### WHAT NEEDS TO BE DONE
Go to the line below that contains "Mir ging es". From there to the end of the records, reproduce each line exactly, except the pictures.

═════ MATERIAL PROVIDED

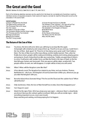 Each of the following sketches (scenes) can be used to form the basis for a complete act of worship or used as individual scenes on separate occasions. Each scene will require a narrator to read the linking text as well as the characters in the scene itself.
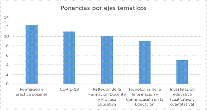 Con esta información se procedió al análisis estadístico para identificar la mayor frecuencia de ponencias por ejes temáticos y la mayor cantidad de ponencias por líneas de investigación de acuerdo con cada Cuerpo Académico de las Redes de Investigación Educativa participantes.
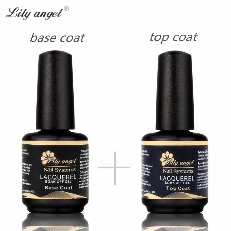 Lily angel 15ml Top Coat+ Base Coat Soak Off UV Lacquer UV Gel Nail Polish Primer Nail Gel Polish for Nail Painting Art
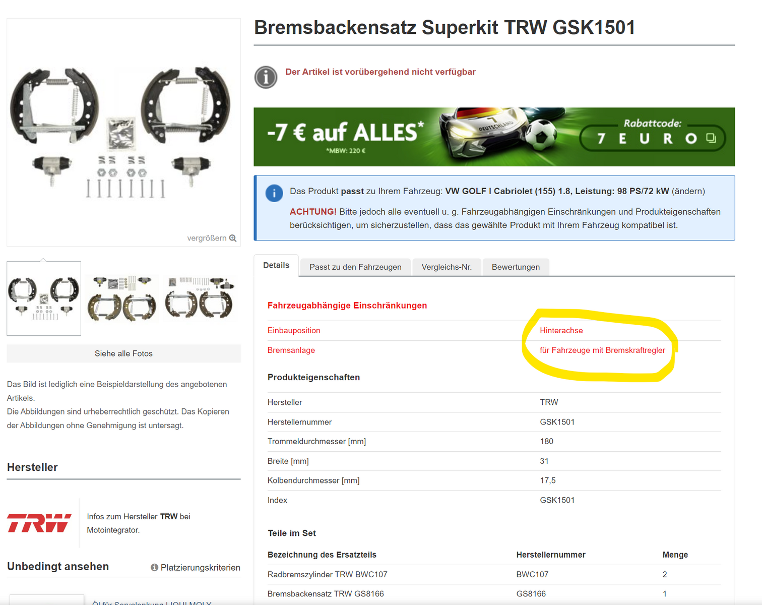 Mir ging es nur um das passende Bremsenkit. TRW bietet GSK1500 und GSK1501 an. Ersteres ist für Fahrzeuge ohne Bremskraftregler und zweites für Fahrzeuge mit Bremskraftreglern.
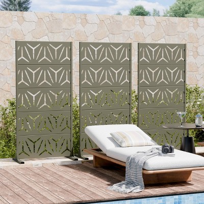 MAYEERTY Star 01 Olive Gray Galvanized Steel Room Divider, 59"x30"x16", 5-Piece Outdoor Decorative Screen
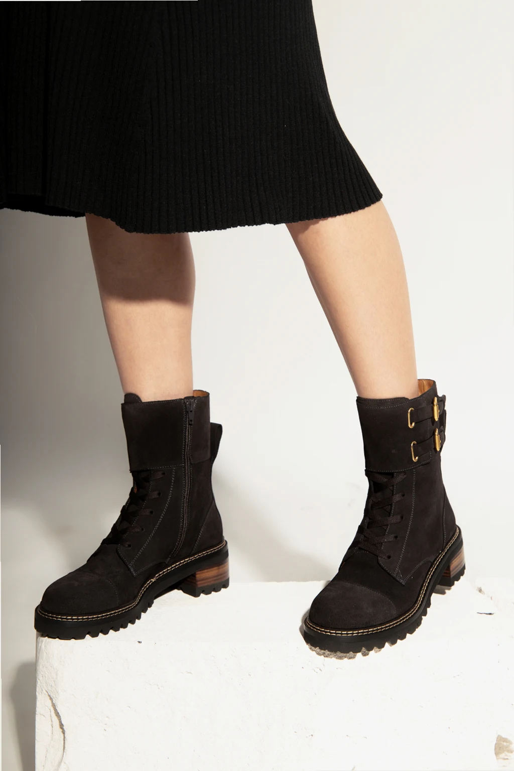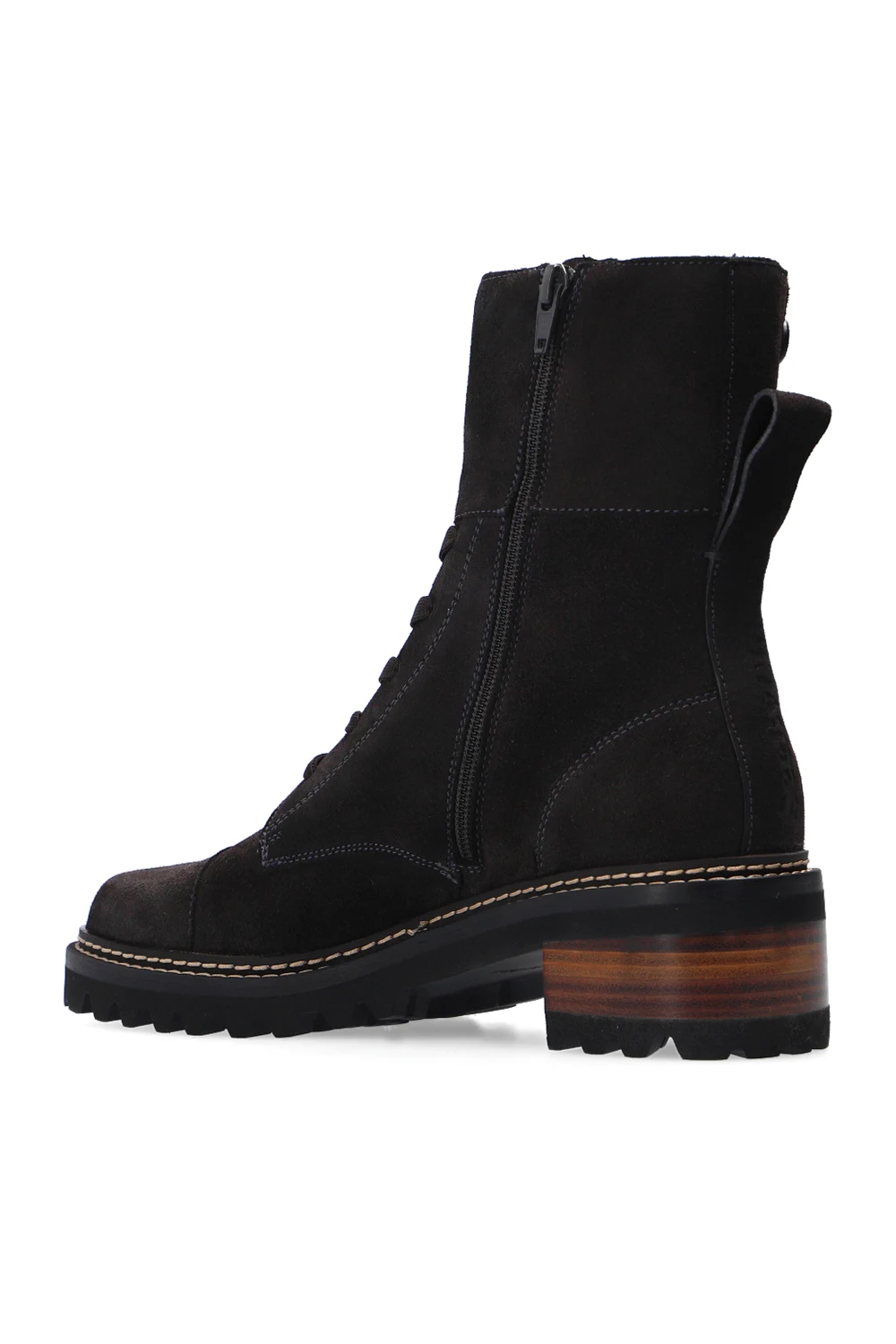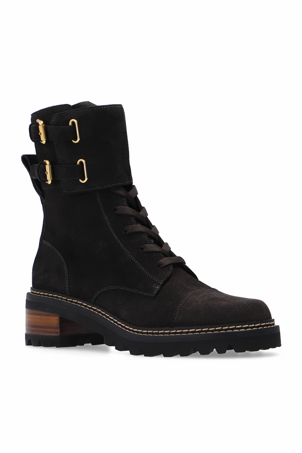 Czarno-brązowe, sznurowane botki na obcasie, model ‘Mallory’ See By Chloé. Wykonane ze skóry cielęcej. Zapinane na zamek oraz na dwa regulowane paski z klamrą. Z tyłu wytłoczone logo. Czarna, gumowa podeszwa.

══════════

### EXERCISE OUTPUT
 Mir ging es nur um das passende Bremsenkit. TRW bietet GSK1500 und GSK1501 an. Ersteres ist für Fahrzeuge ohne Bremskraftregler und zweites für Fahrzeuge mit Bremskraftreglern.
 MAYEERTY Star 01 Olive Gray Galvanized Steel Room Divider, 59"x30"x16", 5-Piece Outdoor Decorative Screen
 Czarno-brązowe, sznurowane botki na obcasie, model ‘Mallory’ See By Chloé. Wykonane ze skóry cielęcej. Zapinane na zamek oraz na dwa regulowane paski z klamrą. Z tyłu wytłoczone logo. Czarna, gumowa podeszwa.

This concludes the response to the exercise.